◆ **INSTRUCTIONS FOR THE TASK**
Every line in the listing below from the one with "Weihnachtskugeln Baumschmuck 24" through the one with "上品なラメ入りシャギー素材とブローチが目を惹くカーディガン。" is to be reproduced exactly, both ends included; leave out the rest.

◆ **PROVIDED DATA**
- Opening Delimiter -
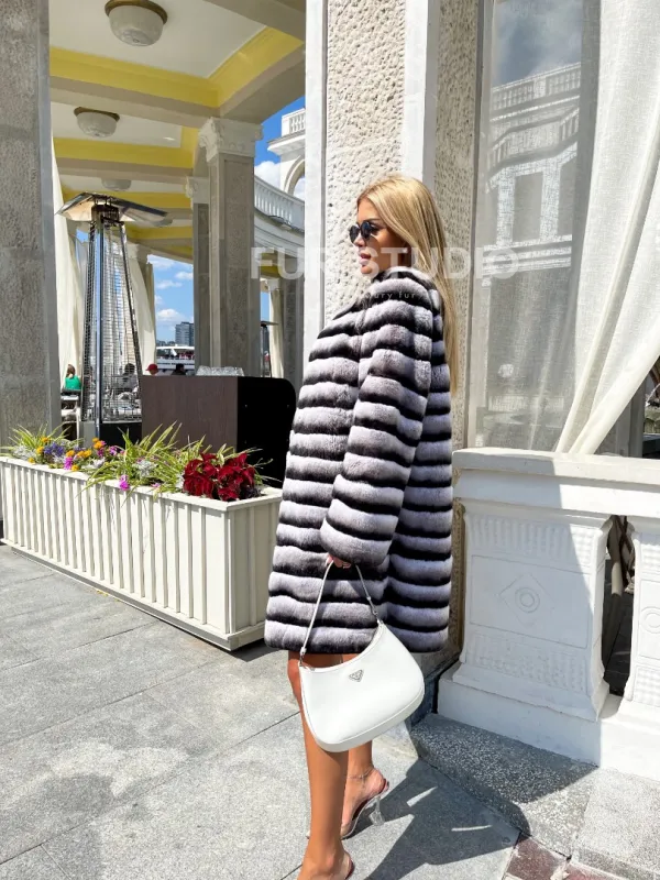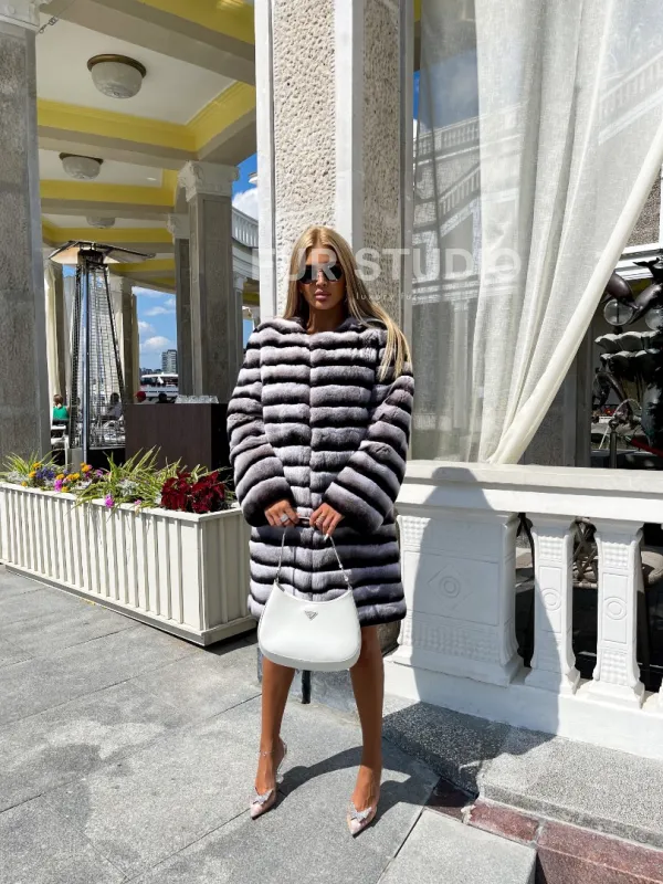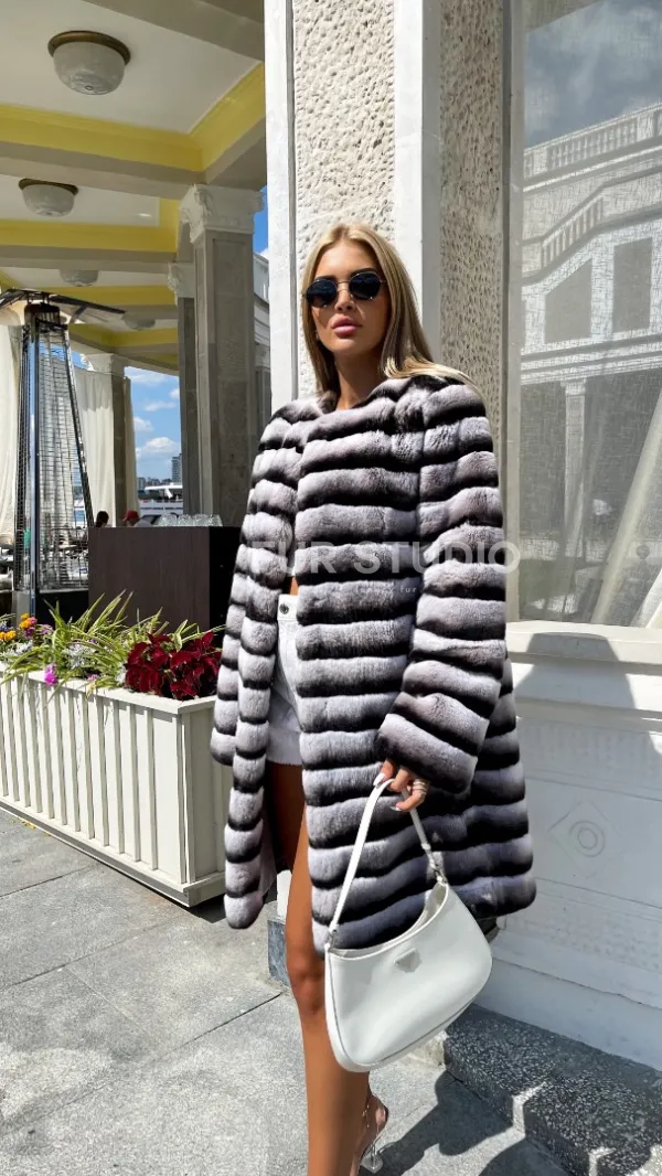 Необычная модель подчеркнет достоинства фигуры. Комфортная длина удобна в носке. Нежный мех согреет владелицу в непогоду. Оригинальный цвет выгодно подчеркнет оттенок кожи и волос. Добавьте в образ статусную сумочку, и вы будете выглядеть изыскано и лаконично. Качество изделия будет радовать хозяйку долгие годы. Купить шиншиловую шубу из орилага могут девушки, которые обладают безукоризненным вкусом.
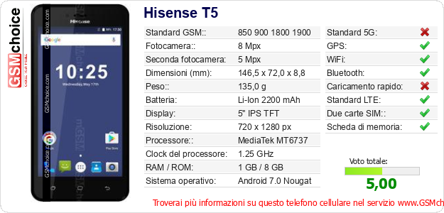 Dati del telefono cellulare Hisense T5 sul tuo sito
- Closing Delimiter -
- Opening Delimiter -
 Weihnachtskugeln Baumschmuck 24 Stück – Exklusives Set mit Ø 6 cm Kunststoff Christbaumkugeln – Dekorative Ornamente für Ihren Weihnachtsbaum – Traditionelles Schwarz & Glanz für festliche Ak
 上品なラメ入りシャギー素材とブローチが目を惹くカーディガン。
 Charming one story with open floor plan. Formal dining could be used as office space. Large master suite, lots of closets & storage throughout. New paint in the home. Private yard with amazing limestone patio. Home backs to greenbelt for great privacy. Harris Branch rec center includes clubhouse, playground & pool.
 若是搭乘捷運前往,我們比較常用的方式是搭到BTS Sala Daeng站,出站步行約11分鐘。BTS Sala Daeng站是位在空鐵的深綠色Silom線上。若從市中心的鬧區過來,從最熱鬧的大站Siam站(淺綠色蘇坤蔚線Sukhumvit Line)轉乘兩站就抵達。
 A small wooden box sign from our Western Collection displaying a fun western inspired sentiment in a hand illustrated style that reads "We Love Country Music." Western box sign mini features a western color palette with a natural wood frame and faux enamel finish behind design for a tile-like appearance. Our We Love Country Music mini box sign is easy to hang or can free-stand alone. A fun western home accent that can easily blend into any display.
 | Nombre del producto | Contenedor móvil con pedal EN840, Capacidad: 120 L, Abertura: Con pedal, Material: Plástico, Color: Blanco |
- Closing Delimiter -
◆ **ANSWER TO THIS PROBLEM**
 Weihnachtskugeln Baumschmuck 24 Stück – Exklusives Set mit Ø 6 cm Kunststoff Christbaumkugeln – Dekorative Ornamente für Ihren Weihnachtsbaum – Traditionelles Schwarz & Glanz für festliche Ak
 上品なラメ入りシャギー素材とブローチが目を惹くカーディガン。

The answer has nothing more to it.